The HIV Therapeutics Market is Concentrated with the Top Three Companies Contributing Approximately 66% Market Share
The top five companies account for approximately 82% of the worldwide HIV therapeutics market. These companies also maintain leadership in the seven countries covered. Generics play a minor role in the market allowing branded drugs to take the major shares. The competitive landscape of the HIV therapeutics market is also changing with the introduction of newer cross class combination drugs. The success of recent drug launches has helped Gilead to take the leading position in the market from GlaxoSmithKline which was the market leader until 2006. Gilead will continue to lead the market in the 2008–2015 period due to strong products which have growth potential and the lack of many late stage promising drugs in the industry pipeline. The entry of any new drugs from competitors towards the end of the 2008–2015 period can impact its leadership position. Gilead is followed by GlaxoSmithKline and Bristol Myers Squibb which together hold about 37% of the market. In 2008, Truvada was the leading HIV therapy brand with an approximate global sales value of $2.1 billion, followed by Atripla which recorded sales value of $1.6 billion globally.
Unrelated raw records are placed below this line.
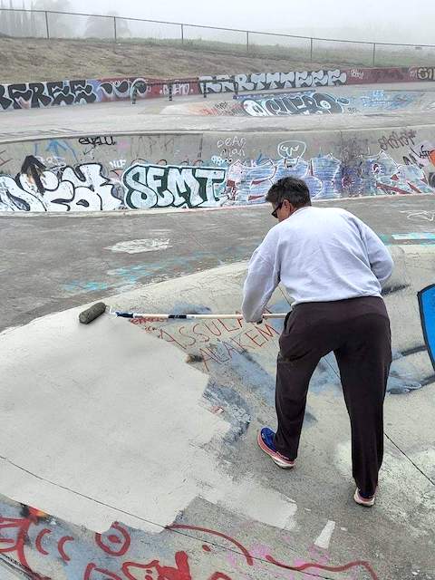 On a chilly, foggy morning Monday, about 40 people from Antioch and the surrounding East County area gathered at the skate park on Lone Tree Way to paint and beautify the space in honor of the Martin Luther King Jr. holiday. The skate park restoration project was one of three Day of Service events held in Antioch.
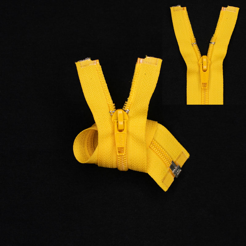 Cremallera poliester separable 6.0 40cm. amarillo oro, 100% poliester, especial para todo tipo de confeccion de prendas unisex. Para vestidos, faldas, blusas, camisetas, pantalones, cojines y bolsos.
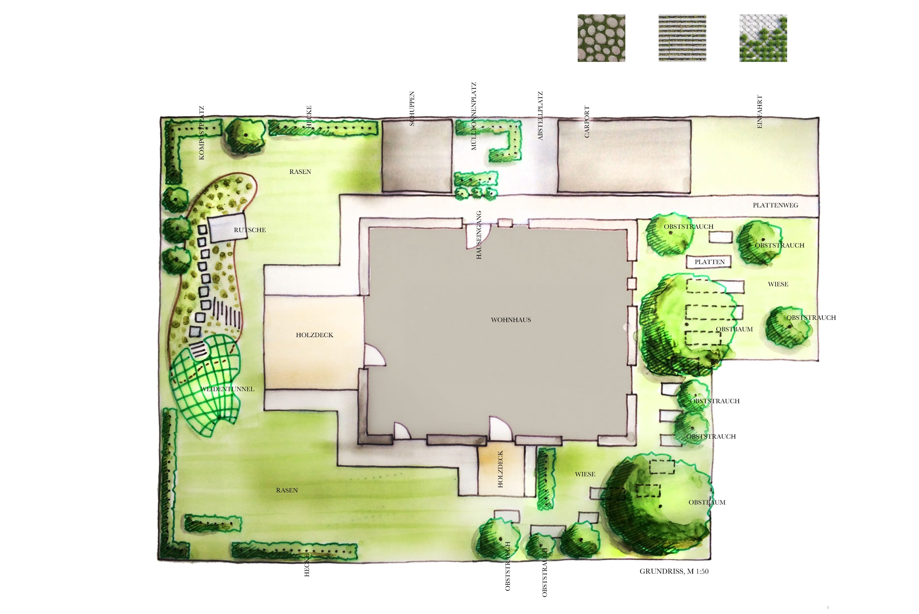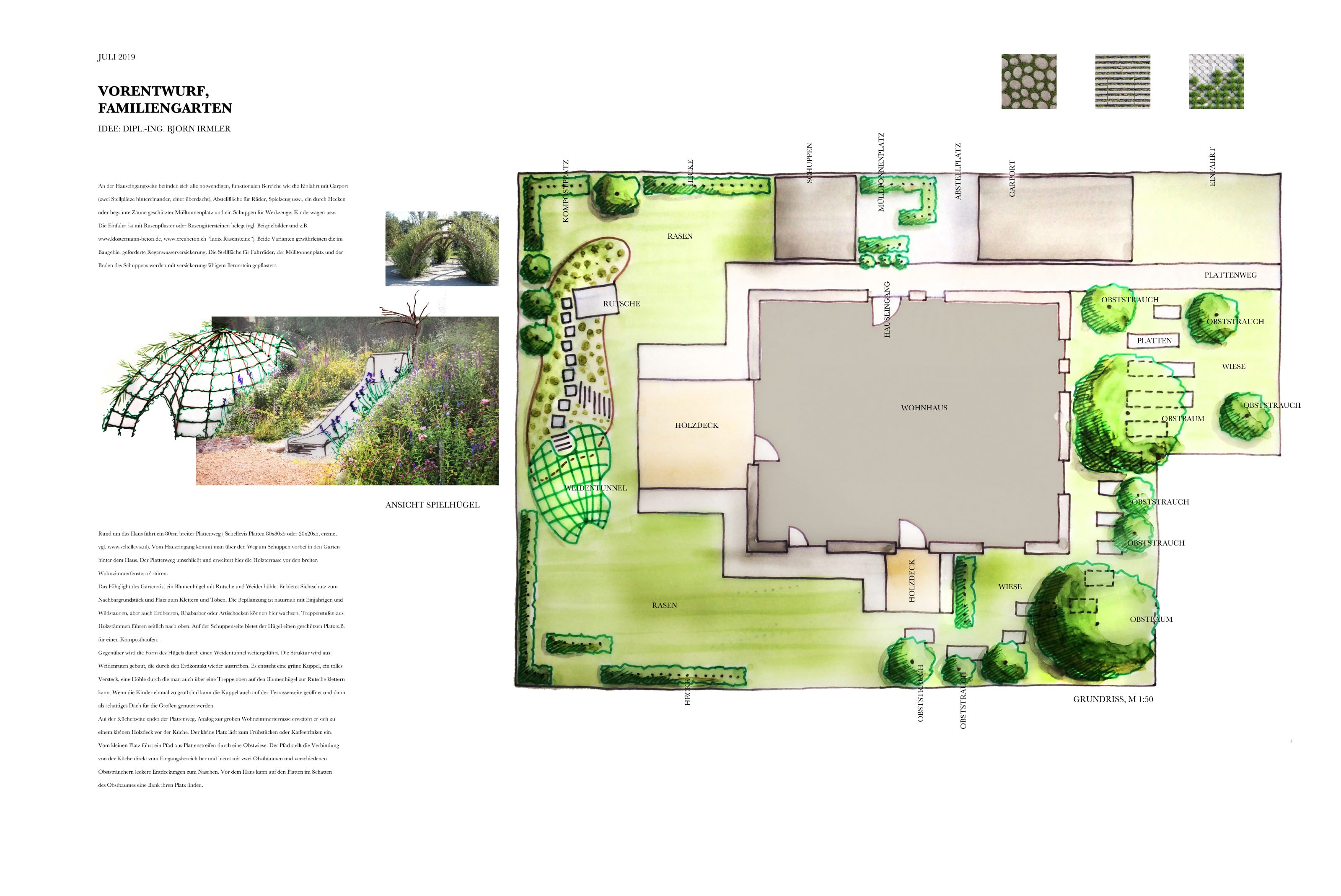 Das neugebaute Eigenheim soll einen familiengerechten Garten bekommen. Der Aushub des Hausfundamentes wird zu einem bepflanzten Spielhügel mit Rutsche und Weidentunnel. Dieser bietet Sichtschutz für die Terrasse und kann später geöffnet und zur Laube umfunktioniert werden. Es finden sich Rasen- und Wiesenflächen, Obstgehölze zum Naschen und natürlich die nötigen Nutzungen wie Parken und Mülltonnenbereich.

Market Participants in the HIV market Have Formed Strategic Agreements to Strengthen Market Position
The HIV market has been moderately active since 2008. The market participants formed strategic partnerships and entered into licensing activities in order to improve their market position. The consolidated market and the dominance of single player in the market resulted in major merger and acquisition activity where GlaxoSmithKline, the second largest HIV player, and Pfizer, the largest pharmaceutical company, merged their HIV businesses. The new company focuses only on HIV to compete better with Gilead which has recently become the market leader. The largest HIV market, the US, was the most active in mergers and acquisition (M&A) and licensing activities. Licensing activities accounted for about 62% of all deals in the market followed by research collaboration with academic and other institutions which accounted for approximately 19% of the total market deals. As the market is highly consolidated only a few M&A activities took place which accounted for 13% of total deal activity in the market. The competitive HIV market will experience collaboration and increased M&A activities even as companies look to strengthen their market positions.